Aqeel migrated to Karachi in January 1950 in search of a living. He worked as a sign-painter and for various magazines and newspapers in different capacities, including Majeed Lahori's Namakdan, where he worked as an assistant editor. Later he got the job of a magazine editor with a salary of Rs 60 per month.

He also wrote short stories and a novel. His first collection of short stories, published in 1952, titled Bhookay (Hungry), landed him in trouble with the authorities, who declared it obscene and put the author on trial under Obscenity Law (Section 292) in Lahore while he lived in Karachi. He called the newspaper editor Maulana Abdul Majeed Salik, journalist Agha Shorish Kashmiri and writer and playwright Saadat Hasan Manto as his defense witnesses. The trial took two and a half years.

In 1951, Shafi Aqeel become editor of the newly published children's magazine Bhaijaan.
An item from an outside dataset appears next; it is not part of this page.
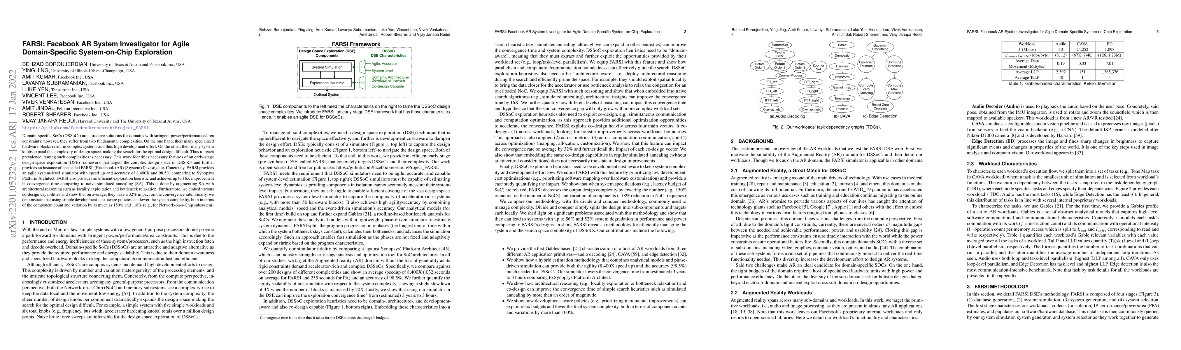 The research introduces FARSI, a system-on-chip exploration framework for domain-specific SoCs. FARSI offers an 8,400X faster and 98.5% accurate simulator than Synopsys Platform Architect. It improves convergence time by 16X using architectural reasoning in its exploration heuristic. FARSI also demonstrates co-design capabilities impacting convergence rate by 32%, on average. Simple development-cost-aware policies can reduce system complexity by up to 150% and 118%.

Shafi Aqeel also worked for the famous monthly magazine Adab-i-Lateef. He was also an art critic and said to be friends with many artists including Sadequain and Ahmed Pervez, poets and writers like Faiz Ahmed Faiz, Sufi Ghulam Mustafa Tabassum and Hafeez Jalandhari, his insight into the world of art was called "exemplary" by poet and drama director Ayub Khawar. He edited and co-edited a number of magazines, and contributed columns on art and literature to the national Urdu-language newspaper Daily Jang.

Aqeel wrote 30 books in Urdu and Punjabi, two of which were collections of his poetry written in Punjabi.

He wrote book reviews for the Daily Jang right up until his death, which were described by art critic Quddus Mirza writing in artnow as "frank, candid and cruel to some extent".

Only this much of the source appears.